As I’m typing this though deep down I know that there is little I can say (to you and to myself) other than that you will have to find your own way through it but you WILL get through it.  Yet in order to do so you must truly believe that you can.  And you know you can, but you have to tell yourself that regularly.  Let it become your mantra.  I lost count the number of times I said ‘I will get through this’ to myself.  And more importantly to my then unborn daughter.  She remains the single thing aside from my self belief that keeps me going.

There are some practical things too.  Here’s some of what I did – I can’t say if they will help you but feel free to try – and for the record I’m back on the knitting 🙂

  • Keep a diary if its cathartic, for as long as the process works for you.  Or blog! Just be sure about what you want to put out there.  
  • Surround yourself with anyone that will give you the love and support you need – be it friends, family, work colleagues.  Distance yourself from those can’t or won’t.  But think carefully about how many you choose for the closest support.  My experience was that everyone was phoning regularly to see how I was, which I appreciated hugely, but then I would often recount the same words which were usually painful to hear myself saying. 
  • Think about things that made you happy before you met your ex, your happy things, and try them again.  It might be a forgotten hobby, a book, certain albums.  And/or try something new.  I learnt to knit.  I’ll blog more on this in due course but it helped me relax and gave a productive outcome in the toys that  made.
  • Don’t hold it in.  There were times I didn’t think the sobbing would end.  I can’t imagine the pain my parents suffered during the time I spent hours in my childhood bedroom, laid on the bed holding my pregnant belly, wailing like an injured animal.  Trust me the sobbing will stop eventually.  For it to stop though it has to start and run it’s course.
  • Make a running list of the things you have to be grateful for.  It might be to do with your life, such as fantastic friends and family.  Alternatively it might be more lateral, such as beautiful sunsets or digestive biscuits(!)  The point is it doesn’t matter what those things are but making that list really helped me to remind me that there was life before him and life will continue after.  Go back to it time and again if you need to.
  • Make new friends online if the mood takes you.
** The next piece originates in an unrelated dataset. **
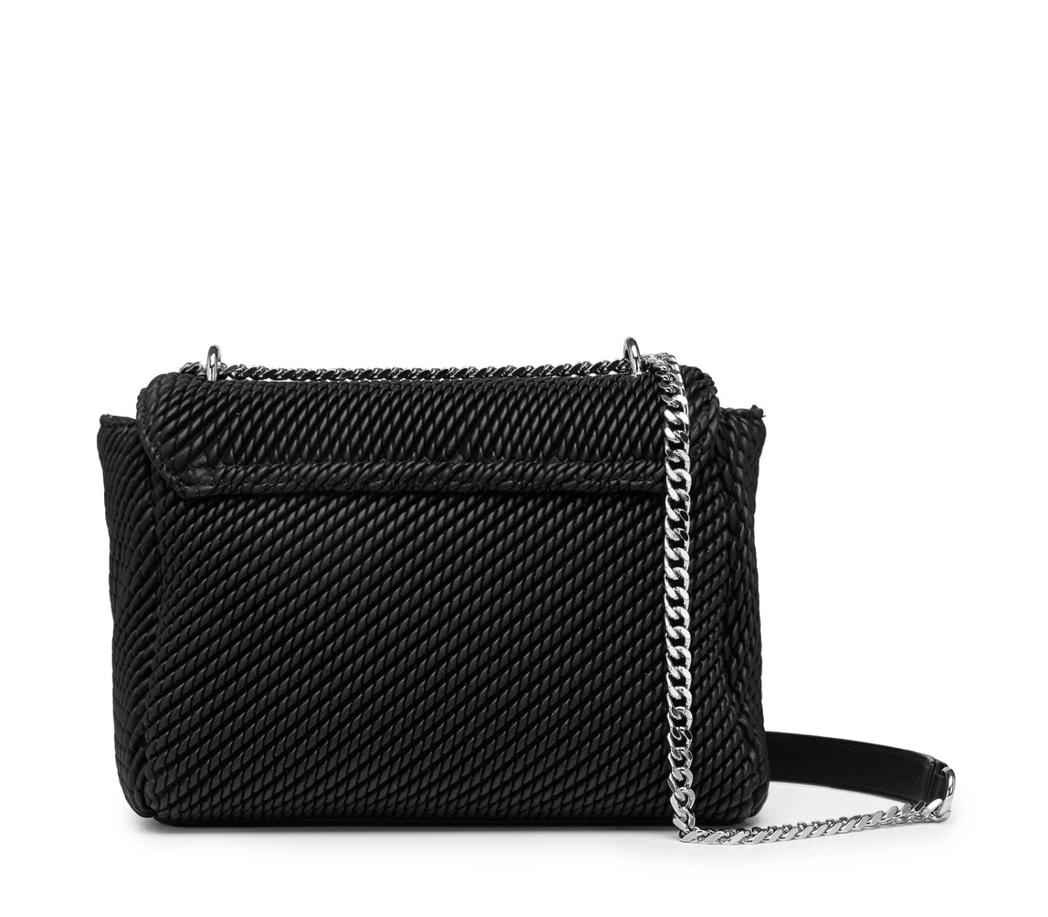 La nuova mini tracolla con patta SHERYL in ecopelle nera con lavorazione a effetto intrecciato firmata CULT, si distingue sia per la sua linea minimal sia per il suo look elegante e glam-rock. I dettagli metallici come il logo lettering del brand e il manico a catena con borchie color silver, aggiungono al design un elemento di stile. Perfetta per chi cerca un accessorio di tendenza, dal gusto contemporaneo. Dimensioni: 25x17x10.

Sites like netmums are great and friendships often translate to real life in due course.

If you’re reading this because you’re going through it then I’m truly sorry but please, please, please believe me – you will get through this.  Just give it time.  It’s not to say there won’t be hiccups as there will.  Believe in yourself and you’d be amazed at what you can do.

No alarms and no surprises please

I have a confession.  This past two weeks have been awful.  Two of the worst since I filed for divorce.  It’s been nothing but threats and counter threats of court action with still no clear way forward.  I’m drained, wired, unable to sleep properly, eat properly, concentrate or relax.  Eighteen months of trying to get a resolution are taking their toll.  My efforts at any degree of meditation of acceptance and letting go of the stress I’m under continuously fail.  The pressure is palpable, crushing, deafening, disempowering. 

It’s not a surprise but it still stuns me even now how incapacitating stress can be.  There’s a cracking white paper on knowledge management I’ve had in my bag all week.  If I can’t concentrate on it and take it in then I can’t assimilate my opinions on it and start to think creativly about how I might use any of its learnings with my clients.  The true reason for my week of inspirational quotes on this blog is because I can’t think straight enough to focus on interesting thoughts and observations that I might want to post here.

Undoubtedly the worst is how it impacts my ability to look after my daughter.  She notices nothing.  Mummy is still smiling, playing and having fun with her.  She has no idea that despite the joy she brings me I’m on the cusp of bursting into tears at every second.  She has no idea that I’m fighting a massive battle to keep those smiles on my face for her.

I wish I knew how to let go.  I know I have to.  I’ll of course keep trying. But if I could have one wish right now it would be to be able to let go of this pain.